Core On-disk Format#

Overview#

The EROFS core on-disk format is designed to be as simple as possible, since one of the basic use cases of EROFS is as a drop-in replacement for tar or cpio:

EROFS core on-disk format

The format design principles are as follows:

  • Data (except for inline data) is always block-based; metadata is not strictly block-based.

  • There are no centralized inode or directory tables. These are not suitable for image incremental updates, metadata flexibility, and extensibility. It is up to users to determine whether inodes or directories are arranged one by one or not.

  • I/O amplification from extra metadata access should be as small as possible.

There are only three on-disk components to form a full filesystem tree: superblock, inodes, and directory entries.

Note that only the superblock needs to be kept at a fixed offset, as mentioned below.

Conformance to Core Format#

An EROFS image conforms to the core on-disk format if and only if all of the following conditions are met:

  1. The is_compressed field (offset 0x54, 2 bytes) in the superblock is 0.

  2. All bits in feature_compat and feature_incompat, except those listed in the Feature Flags section below, are 0.
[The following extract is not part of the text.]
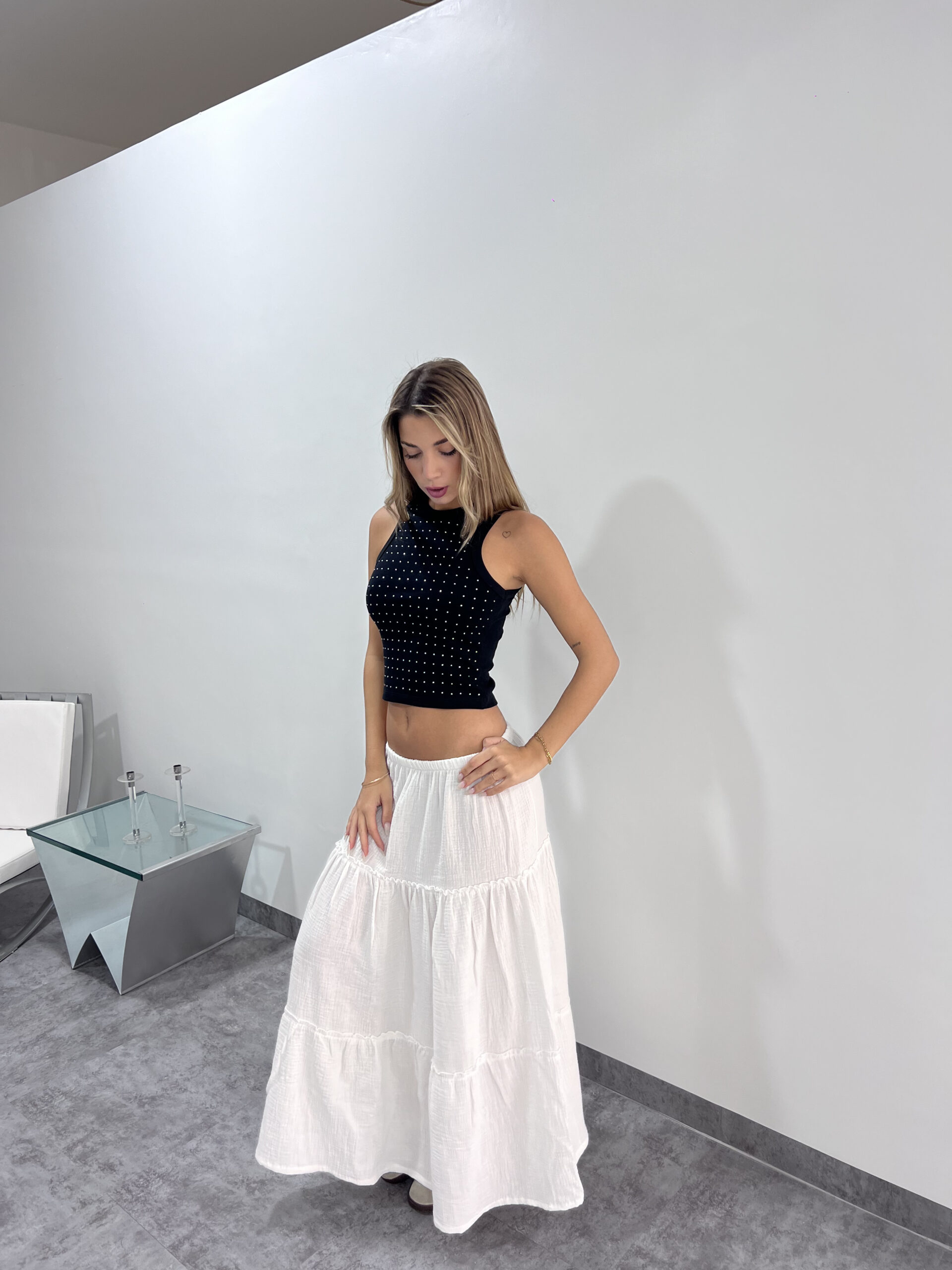Musculosa Ribb, cuello vivo 4.5, con HOT FIX Brillos.

An image that does not meet these conditions uses one or more optional features described in separate feature-specific documents. Note that the core on-disk format has always been supported since Linux 5.4; thus, the 48-bit layout is not part of the core on-disk format (for example), and not all users need 48-bit block addressing.

Superblock#

The EROFS superblock is located at a fixed absolute offset of 1024 bytes. Its base size is 128 bytes. When sb_extslots is non-zero, the total superblock size is 128 + sb_extslots * 16 bytes. The first 1024 bytes are unused, which allows for support of other advanced formats based on EROFS, as well as the installation of x86 boot sectors and other oddities.

Field Definitions#

Offset

Size

Type

Name

Description

0x00

4

u32

magic

Magic signature: 0xE0F5E1E2

0x04

4

u32

checksum

CRC32-C checksum of the superblock block; see Superblock Checksum

0x08

4

u32

feature_compat

Compatible feature flags; see Feature Flags

0x0C

1

u8

blkszbits

Block size = 2^blkszbits; minimum 9

0x0D

1

u8

sb_extslots

Number of 16-byte superblock extension slots

0x0E

2

u16

rootnid_2b

Root directory NID

0x10

8

u64

inos

Total inode count; see blocks and inos Fields

0x18

8

u64

epoch

Filesystem creation time, seconds since UNIX epoch

0x20

4

u32

fixed_nsec

Nanoseconds component shared by all compact inodes; see Modification Time in Compact Inodes

0x24

4

u32

blocks

Total block count; see blocks and inos Fields

0x28

4

u32

meta_blkaddr

Start block address to specify the inode-metadata zone

0x2C

4

u32

xattr_blkaddr

Start block address to specify the extended attribute zone

0x30

16

u8[]

uuid

128-bit UUID for the volume

0x40

16

u8[]

volume_name

Filesystem label (not null-terminated if 16 bytes)

0x50

4

u32

feature_incompat

Incompatible feature flags; see Feature Flags

0x54

2

u16

is_compressed

0 for non-compressed images, any non-zero value for compressed images

0x56

4

u32

dontcare

External device support specific; ignored in core format

0x5A

1

u8

dirblkbits

Directory block size = 2^(blkszbits + dirblkbits); strictly 0 in the core format

0x5B

5

u8[]

dontcare

Xattr specific; ignored in core format

0x60

8

u8[]

dontcare

Compression specific; ignored in core format

0x68

1

u8

reserved

Reserved; must be 0

0x69

1

u8

dontcare

Xattr specific; ignored in core format

0x6A

2

u16

reserved

Reserved; must be 0

0x6C

12

u8[]

dontcare

48-bit layout specific; ignored in core format

0x78

8

u64

reserved

Reserved; must be 0

Note the difference between reserved and dontcare fields:

  • reserved: Users must not use these fields, and they must be filled with 0 to comply with the supported features or reserve for future use.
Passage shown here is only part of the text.